Falling sales of Fleetway Publications' Crisis saw editor Steve MacManus adjust his original plans to produce two ongoing serials which could be syndicated for American publication; of the two launch stories, "Third World War" was to continue while "New Statesmen" was dropped. Instead MacManus wanted to run two shorter additional stories. He had met aspiring writer Garth Ennis (who had previously had a readers' letter printed in Battle Picture Weekly in 1979, at the time subedited by MacManus) on the Crisis launch signing tour in Belfast. Ennis briefly pitched to MacManus, who encouraged him to write an outline. Contact with Crisis assistant Igor Goldkind was encouraging, and Ennis was briefly considered to co-write some episodes of "Third World War" set in Northern Ireland with Pat Mills until the latter met Malachy Coney first.

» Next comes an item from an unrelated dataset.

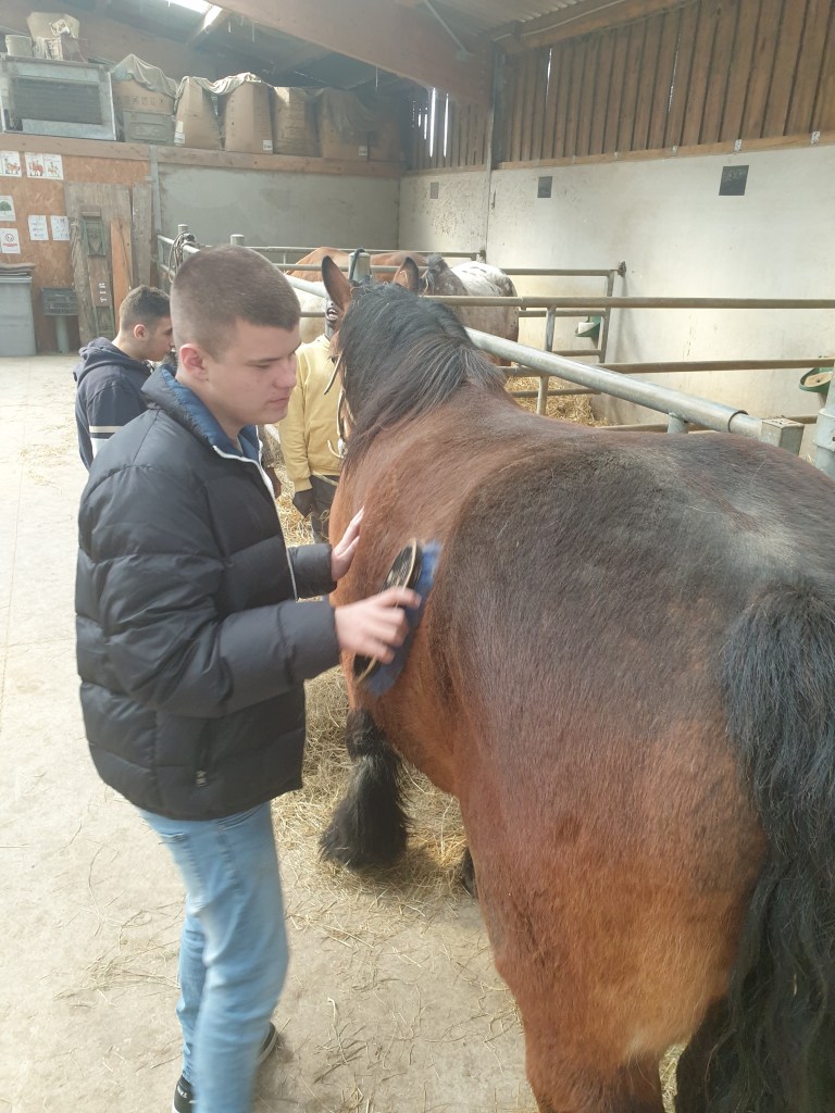 Baïdi, Jonathan Shana et Ambre vont au centre équestre 1 fois par semaine.
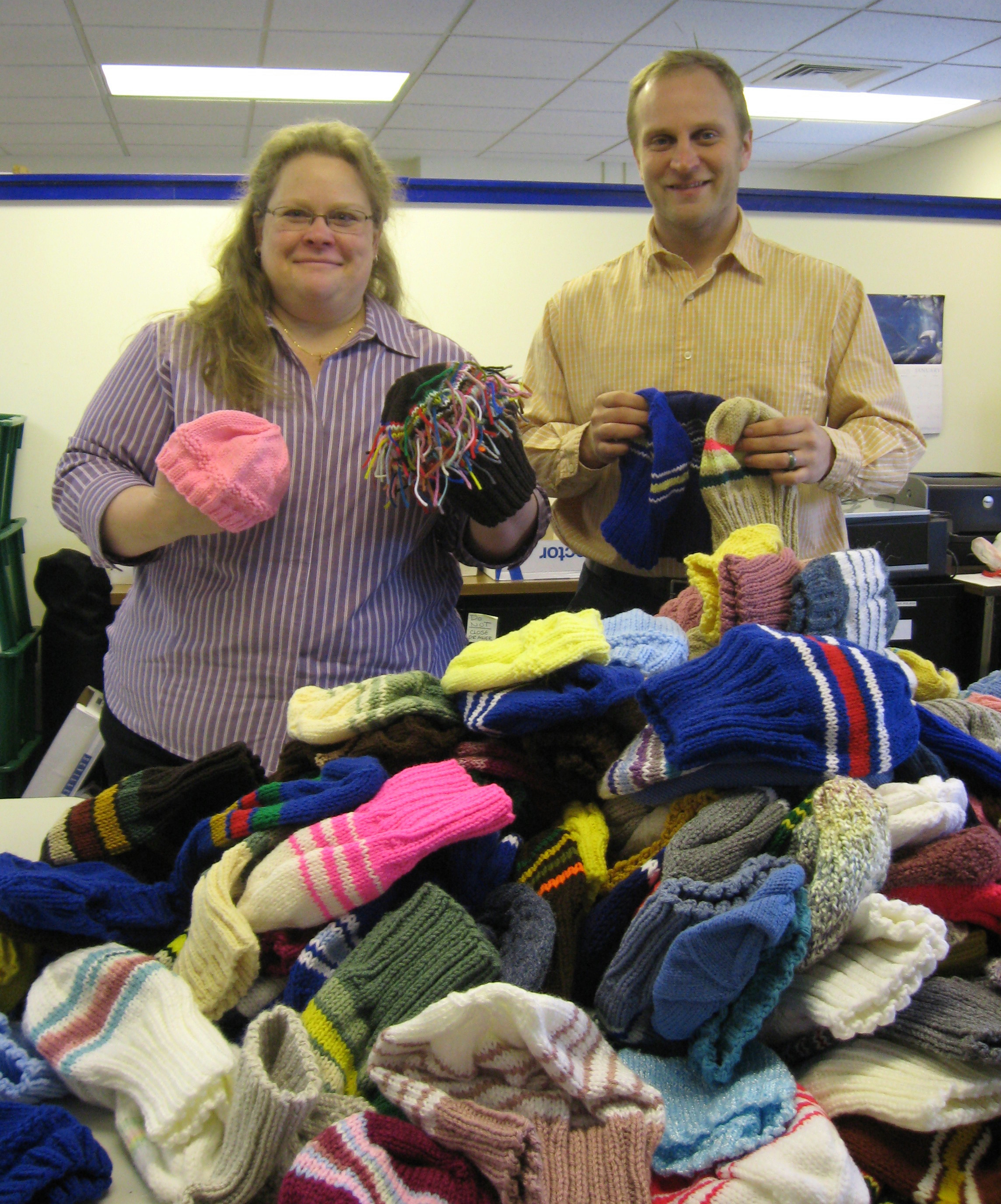 Lisa Luebke and Ben Crockett, of Char-Em United Way, with 300 hand-knitted kids hats that have been donated for Project Connect. The event coordinators are seeking a wide range of donated items and funds to purchase them.

MacManus contacted Ennis about his outline – and after the writer turned in a spec script for the opening episode in two days, and seeking feedback from Mills – commissioned him to write the full story. To get the correct local detail Ennis wanted an artist familiar with Belfast, and the experienced Will Simpson was strongly considered; however, he was committed to "Rogue Trooper" in 2000 AD. Instead, Ennis' good friend John McCrea, who had provided art for tie-in media and made some small contributions to 2000 AD, was given the job of painting the story. He and Ennis had previously worked together on a then-unpublished story called "Tosspot Four". MacManus would later recall meeting the pair at the Fleetway offices was the first time he felt old.

== Publishing history ==

Alongside "Sticky Fingers", "Troubled Souls" debuted in Crisis #15 (dated 1 April 1989) and ran for twelve episodes before concluding; the story was not featured in Crisis #21. In 1990 it was published in collect form, also by Fleetway

== Plot summary ==
Tom Boyd is a young unemployed Protestant man living in Belfast. He is unpolitical and largely views the presence of the British Army as a mildly curious part of life, and enjoys visiting pubs with his friend Dougie, who attempts to set Tom up with Liz, a girl he knew in school. However, a night at his local changes when a stranger about to be arrested by the Ulster Defence Regiment drop a parcel in his lap; unwrapping it he discovers a gun. Panicking, he doesn't show the police, and confronts the man when he returns to the pub, beaten but free, returning the weapon and telling him he doesn't want to be involved. His older brother Andy is planning to move to London, tired of sectarianism, while Tom confides the encounter from the pub to his aunt Angie before the man finds him again. The stranger takes him to a café and tries to enrol his help, introducing himself as Damien. Tom is uninterested but realises Damien knows where his family lives, and is pressured into agreeing. To take his mind off things he attempts to read up more on Britain's history in Ireland as The Twelfth approaches and dislikes it, but wonders if he is just trying to justify Damien's coercion to himself. Damien reveals their target is a British Army Land Rover and becomes even more worried. However, he hits it off with Liz and the pair spent time together and kiss.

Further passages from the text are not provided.